Child Survival

Rwanda

History

Three main ethnic groups of Rwandans are the Hutus, Tutsis, and Twa/Pygmies. There is evidence of people living as hunter-gatherers back to 500 BCE, and farming beginning over 2,000 years ago. Rwanda was a colony of Germany in 1895 and then of Belgium in 1923. Belgium had created a system of power distribution based on ethnic identity which, caused strong tensions escalating after gaining independence in 1962. Over the next 30 years, violence and instability continued until 1944, when the President of Rwanda died in a plane crash. Hutu political leaders began a genocide against Tutsis, killing 800,000 after 100 days. The Tutsi-led RPF captured the capital, ending the genocide. Three million refugees fled to neighboring countries and 95,000 children were orphaned. The years following, Rwandans rebuild homes, hospitals, schools, and their own lives.

Some Info on Rwanda

LOCATION: Central Africa

CAPITAL: Kigali

POPULATION: 11.7 million

SIZE: Slightly smaller than Maryland

LANGUAGES: Kinyarwanda, English, and French

RELIGIONS: Christian 93.5 percent, Muslim 4.6 percent, other 1.9 percent

LIFE EXPECTANCY: 58 years

CHILD MORTALITY RATE (UNDER 5): 91 deaths /1,000 live births

ACCESS TO CLEAN WATER: 65 percent

LITERACY RATE: 71 percent

DOCTOR TO PATIENT RATIO: 1 doctor for every 50,000 people

POPULATION LIVING ON LESS THAN $1.25 DAY: 77 percent

KEY EXPORTS: Coffee, tea, and tin


(copied from source)

Denis Niyizurugero’s Story

Denis lives in Nyarubanda village, which is a two-hour walk from the nearest health center. He is the “go-to man” for families looking for health care when their children are sick. Denis is not a doctor: he’s a community elected health worker, trained by Concern to treat malaria and other basic health problems. He treats 1,000 children each year. In addition, he takes pride in helping families decide when to take children who are very sick to the hospital. “I’m very happy to be a Community Health Worker,” says Denis. “I work for the health of the community and I am trusted by them.”


(copied from source)

When it comes to child survival and public health, we have seen what it takes to make progress. We have seen a growing focus on these issues around the world. Our aim must be to help ensure that children are not just surviving, but thriving . . . We can see success, just ahead of us. Our task now is to reach out and grasp it, in hand.

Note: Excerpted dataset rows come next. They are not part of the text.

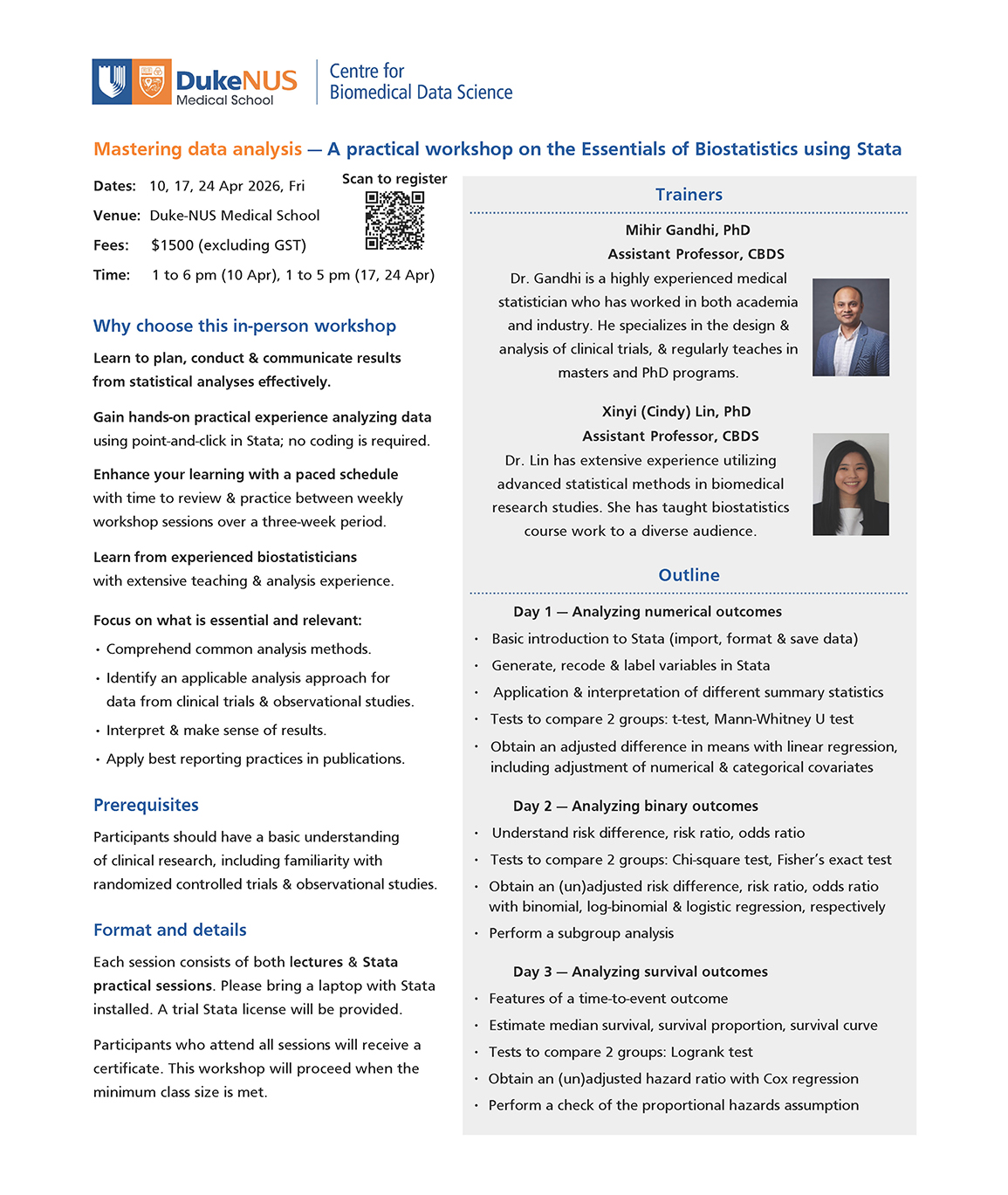 - A request for withdrawal has to be received 4 weeks before the workshop (via email to cbds@duke-nus.edu.sg).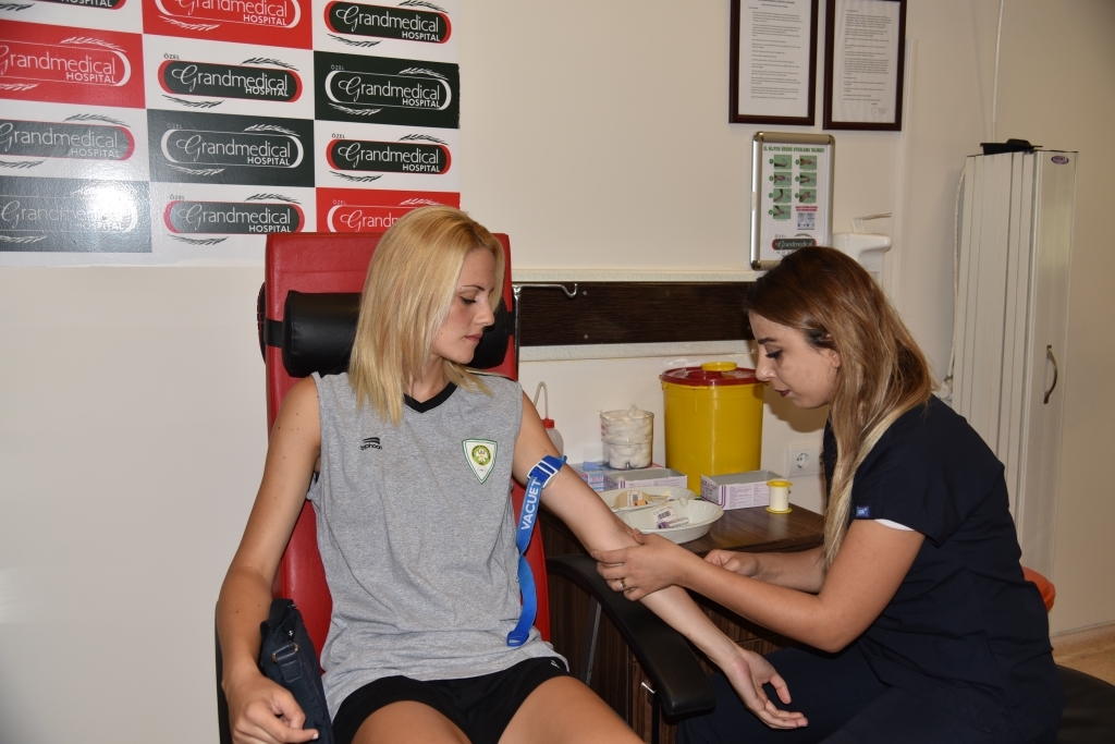 Yeni sezon hazırlıklarına başlayan Manisa Büyükşehir Belediyespor Bayan Voleybol Takımı oyuncuları sağlık kontrolünden geçti.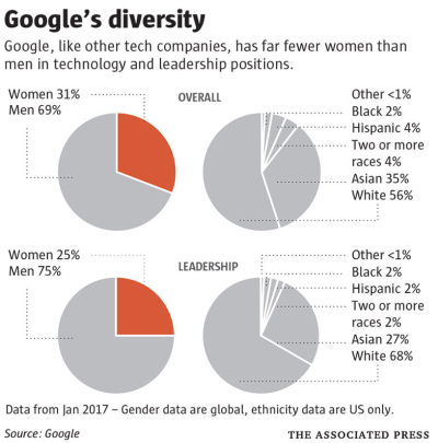 Por otra parte, Damore afirma en su "memo" que "Google ha creado varias prácticas discriminatorias: programas, "mentoring" y clases sólo para gente de ciertas razas o sexo; prácticas de contratación que bajan de hecho el listón de exigencia para los candidatos "de la diversidad" [mujeres o personas de raza no blanca]". Pero esto significa que la compañía antepone su obsesión por el género y la raza a la búsqueda del talento individual: prefieren la diversidad a la calidad.

—Ann M. Veneman, Executive Director of UNICEF


(copied from source)

WHAT ABOUT MOTHERS?

Child and maternal health are closely linked. Mothers who do not receive proper health care during pregnancy or who give birth in unclean conditions are at an increased risk of disease or death. Worldwide, more than half a million women die from pregnancy-related complications each year. Ninety-nine percent of these deaths occur in the developing world. Proper health care services combined with health education can dramatically reduce the risk of death among mothers.


(copied from source)

HOW MUCH WOULD IT COST TO IMPROVE CHILD HEALTH?

Insecticide-treated mosquito net .........................$5.00

Vitamin A..............................$0.04

Clean baby delivery kits.......$1.00

Immunization supply for one year......................... $17.00

Oral Rehydration Therapy.....$0.10

Measles immunization...........$0.30

Malaria drug treatment .........$1.00


(copied from source)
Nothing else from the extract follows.